The Computer Era Anomaly
This extraction was enabled by a specific historical moment: the computer era of roughly 1970-2020. Computers created an explosion of information work. Data needed processing, systems needed coordinating, knowledge needed gatekeeping. A massive professional class emerged to fill these functions.
But here's the crucial insight: this was an anomaly. Before computers, the professional middle class was small. After AGI, it will shrink again. The 50-year explosion of knowledge work was a unique moment when information processing was valuable but not yet automatable.

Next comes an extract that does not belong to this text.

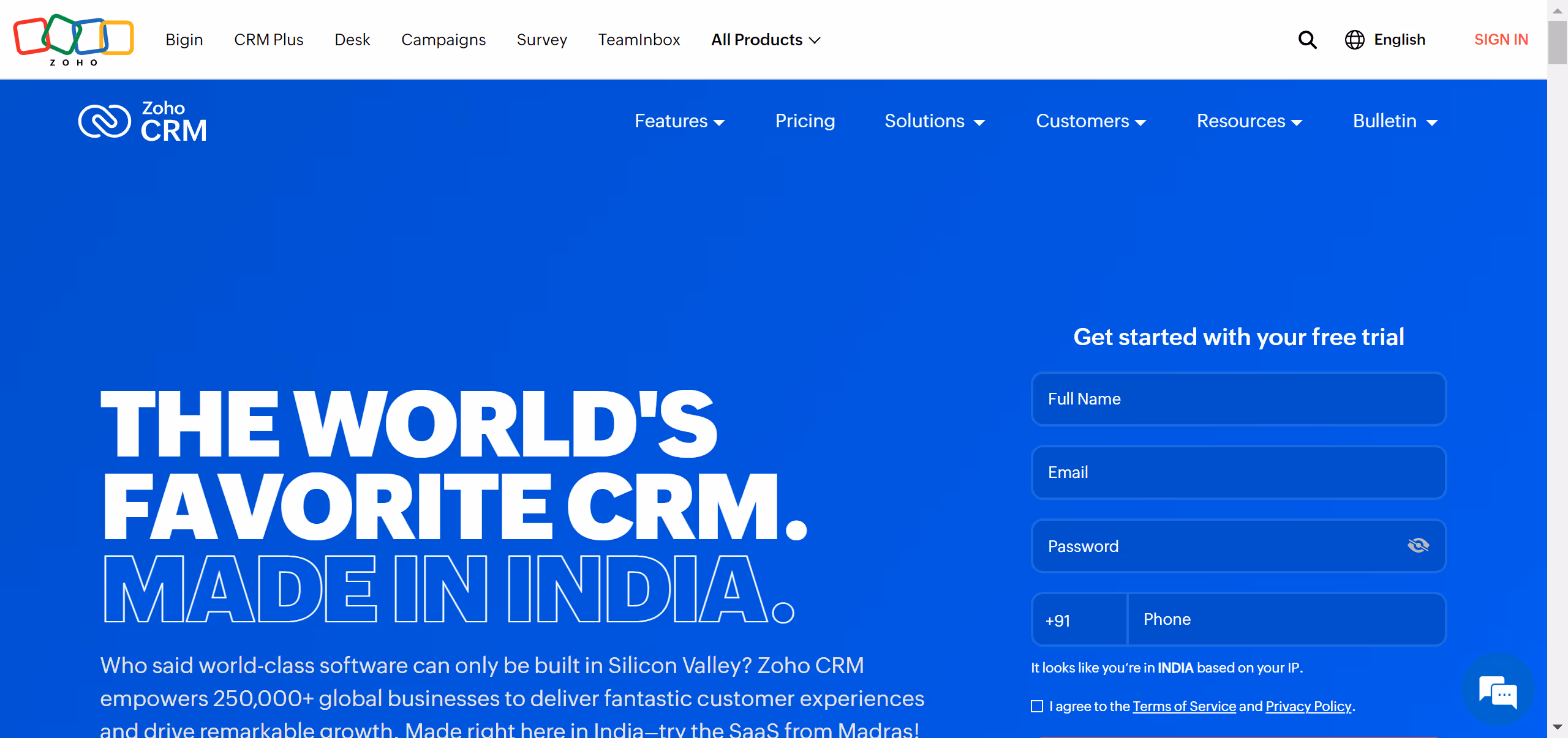 It does so by entering, storing, and managing your customer data, identifying your customer preferences, helping you deliver personalized customer experience, managing marketing campaigns, and more all in one place.

The middle class used this window to entrench themselves—through credentials, through regulatory capture, through cultural messaging that "knowledge work" was inherently more valuable than "physical work." They convinced society that clean hands were superior to dirty hands, that air-conditioned offices beat weather exposure, that college degrees predicted capability better than demonstrated skill.
But AGI removes the foundation. If AI can process information, coordinate systems, and provide analysis better than mid-level humans, what exactly is the middle class for?
The Reconceptualization
So here's the reconceptualization: AGI's purpose isn't to "help everyone" in some vague, egalitarian sense. Its purpose—whether by design or emergence—is to eliminate the extractive intermediary class that blocks efficient resource allocation and direct value exchange.
Think of it as removing a systemic bottleneck. Capital at the top wants to deploy efficiently. Capability at the bottom wants fair compensation. The middle captures the spread—through fees, through artificial complexity, through manufactured gatekeeping.
AGI eliminates this by:
- Democratizing information (no more information asymmetry)
- Automating coordination (no more middle managers justifying their existence through process)
- Removing gatekeeping (credentials become less predictive when capability is verifiable through AI-augmented demonstration)
This isn't about making everyone equal. It's about removing the parasitic layer that was extracting from both productivity and capital without creating proportional value.
The question then becomes: if this is AGI's actual function—middle-class elimination—how should we think about building it? Not as a general intelligence project trying to replicate human cognition, but as a strategic tool for restructuring political economy.
This reframing changes everything: the metrics we care about, the capabilities we prioritize, the deployment strategies we pursue. It's no longer "can we build human-level intelligence?" but "can we build sufficient intelligence to eliminate parasitic intermediaries while enabling direct value exchange?"
That's a more bounded problem. More achievable. More measurable. And perhaps more honest about what we're actually building.